> 1. Why does softirqd run at very low priority? is there a reason why
> this was choosen to run that low priority? since the tasklets that do
> deferred processing require quicker attention to avoid latency issues
> right? Iam sure you folks had a good reason, iam trying to evaluate
> why.
the reason is that by design, softirqd should only run when softirq load
is so high that IRQ contexts are not able to handle it all.
The current softirq code is quite bad for high-IRQ-rate device performance
because it has a wide window to 'miss' pending softirqs that got activated
while softirqs were running, and those pending softirqs will only be
processed in the next IRQ tick, or whenever we happen to schedule to
softirqd. I've demonstrated this problem numerous times (and others have
as well), it's easy to trigger. It does not take any high load to trigger
this situation, it just needs two successive fast IRQs from a fast device,
where the second one hits the softirq handler.

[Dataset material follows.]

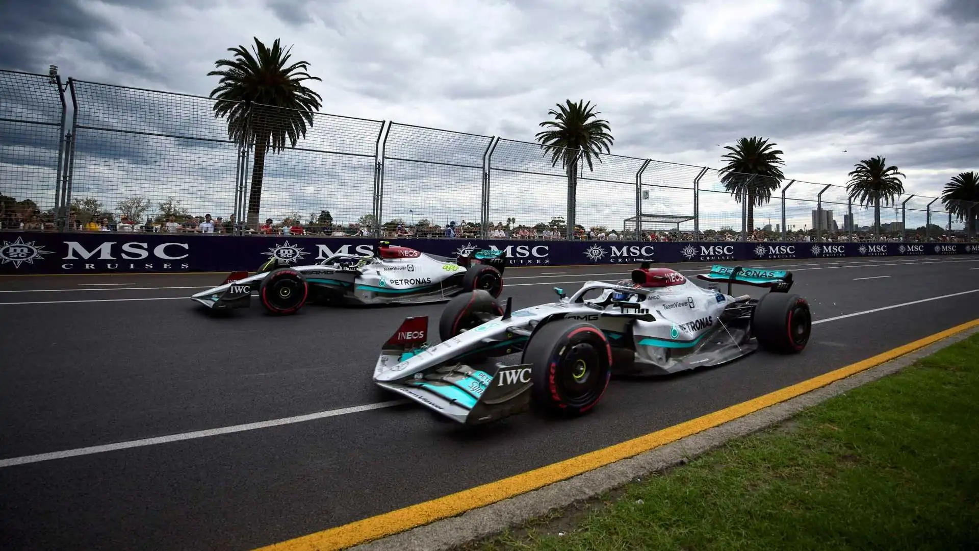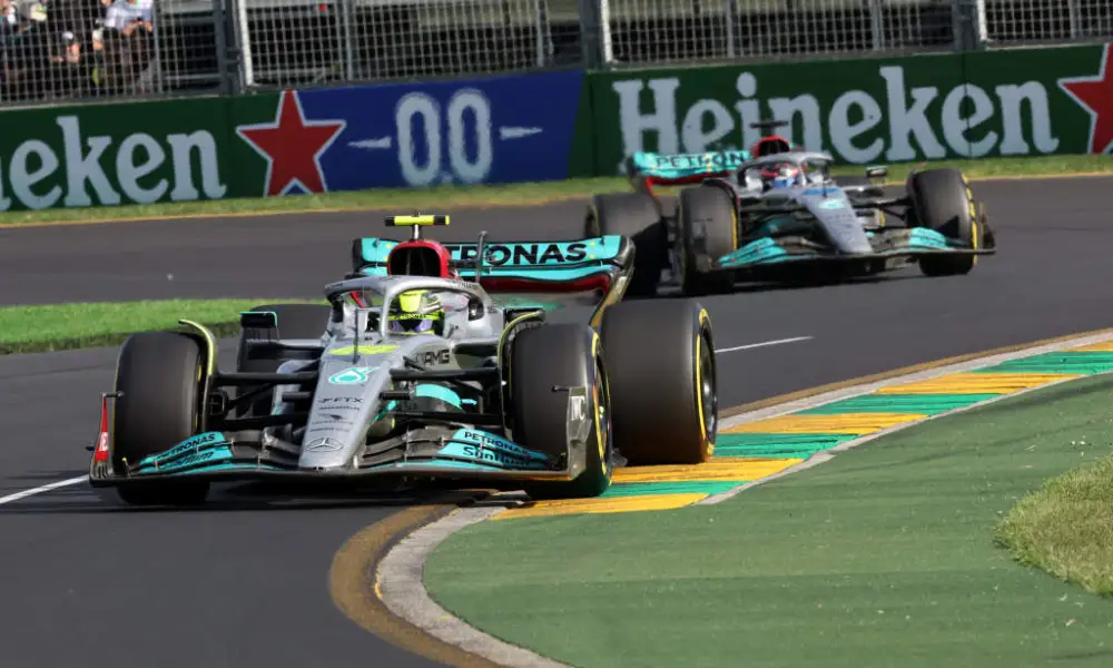 汉密尔顿落后九分,排在积分榜的第五位。他们两人都拿到了一个第三名,而这两次领奖台都是“归功于”红牛赛车的故障退赛。对于拉塞尔而言,他在墨尔本也是非常幸运的,在正确的时间和合适的位置遇到了安全车,否则从统计数据上看汉密尔顿就2-0拉塞尔了,但是他们通常在比赛中都处于十分接近的位置,并且到目前为止从他们的表现来看都是势均力敌的。
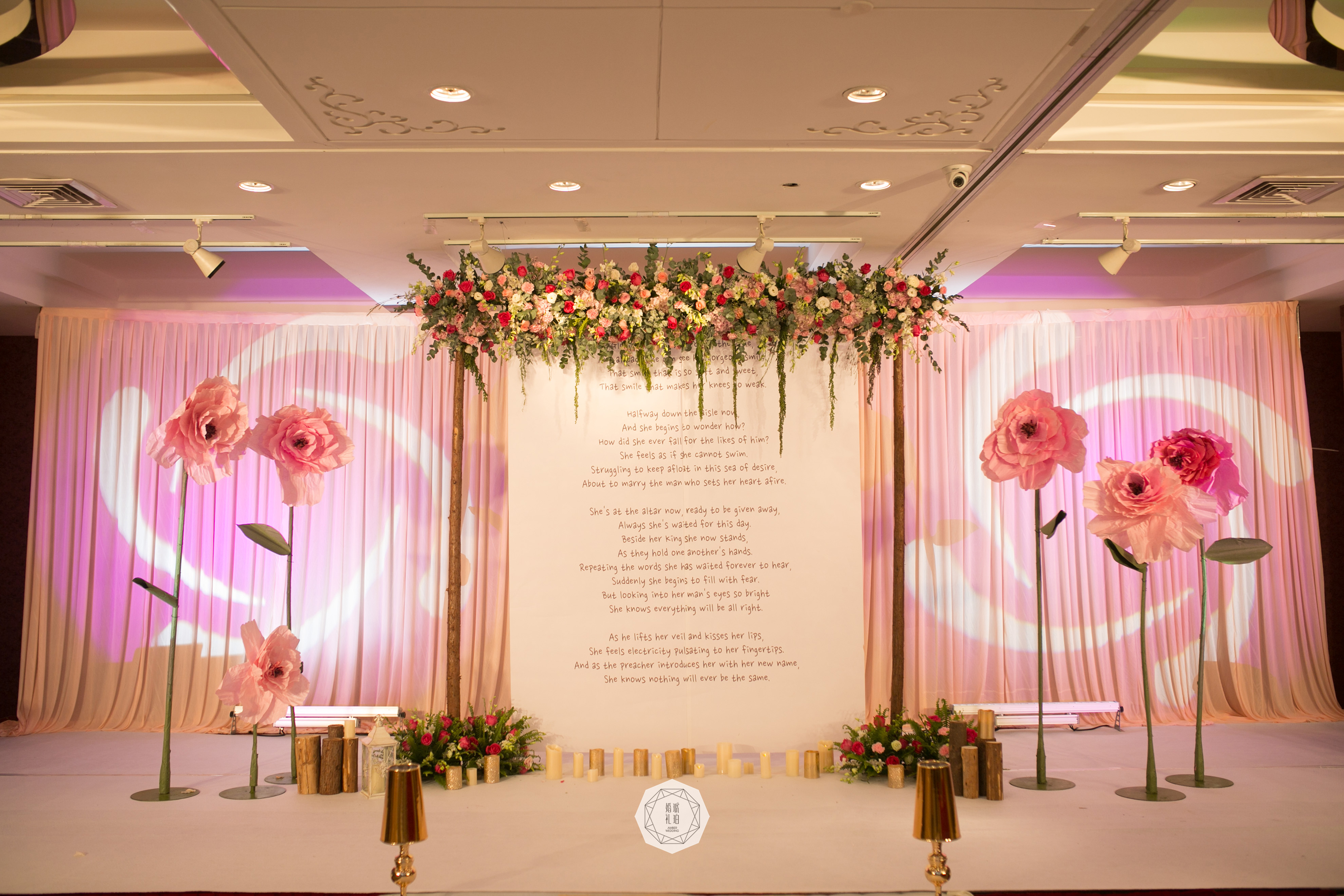 T台2mx12m/T台白色地毯24平米/T台裸粉色地毯12m/舞台白色地毯32平米/舞台背景基础搭建8mx3m/舞台背景布缦8mx3m/无纺布6平米/木质背景架1组/木质背景鲜花1组/金色台灯10个/直立纸艺花10个/电子蜡烛15个/木桩20个/主桌花1组

I provided two separate solutions for the softirq performance problems:
1) to loop a few times so that the number of schedules towards softirqd
decreases dramatically in RL situations. This solution is very
simple - and while it's not a 'complete' solution, it's a practical
solution.
2) to loop until done in the softirq code, and limit hardirq load
automatically at the hardirq level - this can be done pretty
cheaply. In the future, limit irq load via a variant of explicit
device-throttling, worked on by some people, 'NAPI'. NAPI is
designed for networking-only use, so other subsystems might still
rely on hardirq-level throttling.
(both solutions were posted as working patches.)
People have reported 10-20% performance drop for certain gigabit cards due
to the non-processing of softirqs & softirqd. But it's not only about
performance, it's also the latency of IRQ processing, even with
highest-priority softirqd, the latency to get softirqs done can be
significantly delayed by process-context activities.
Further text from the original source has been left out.